Winterlife · 02/08/2019 16:23

My English husband never gets this asked of him, unless the conversation is relevant, like - which school you went to or what's your local pub.

Funny that. I never get asked here, as I have a local accent, but my husband does. When we are in Moscow, he never gets asked where he's from, but I do.

You're of course entitled to feel how you feel, but I do think you are being unreasonable.

silvercuckoo · 02/08/2019 16:51

@Winterlife
2 roubles a day would actually be equivalent to a newly qualified teacher's or nurse's daily wage in that era (around 2.50-2.70). Even socialist economy doesn't work like that, and his family probably would have noticed that their 8 year old is bringing in almost a full adult wage (especially as options to spend the money were extremely limited even for adults - and non-existent for a child).

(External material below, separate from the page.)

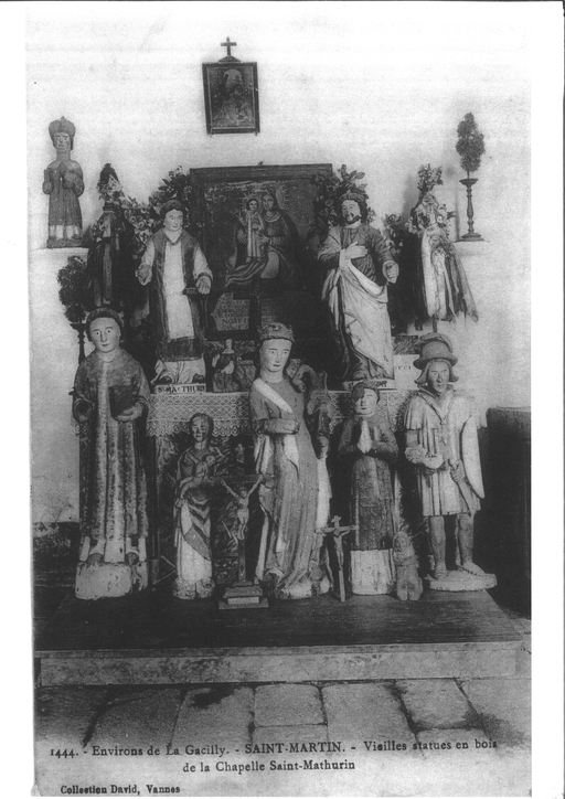 Environs de La Gacilly. – SAINT-MARTIN. – Vieilles statues en bois de la Chapelle Saint-Mathurin. Carte postale, Vannes : David, édit., limite 19e-20e siècles.

Winterlife · 02/08/2019 17:22

I just asked him, and he said it was 1 ruble, 20 kopecks. That's what he was paid. He said it was a lot of money - a loaf of bread was 16 kopeks. A teacher at that time was paid between 39 and 70 rubles per month.

He wasn't doing this every day. It was once, at most, twice a week. He and his cousin would usually buy treats with the money.

But thank you for calling me a liar. Much appreciated.

You obviously never lived in the USSR. There was plenty to spend money on, until the mid 1980's.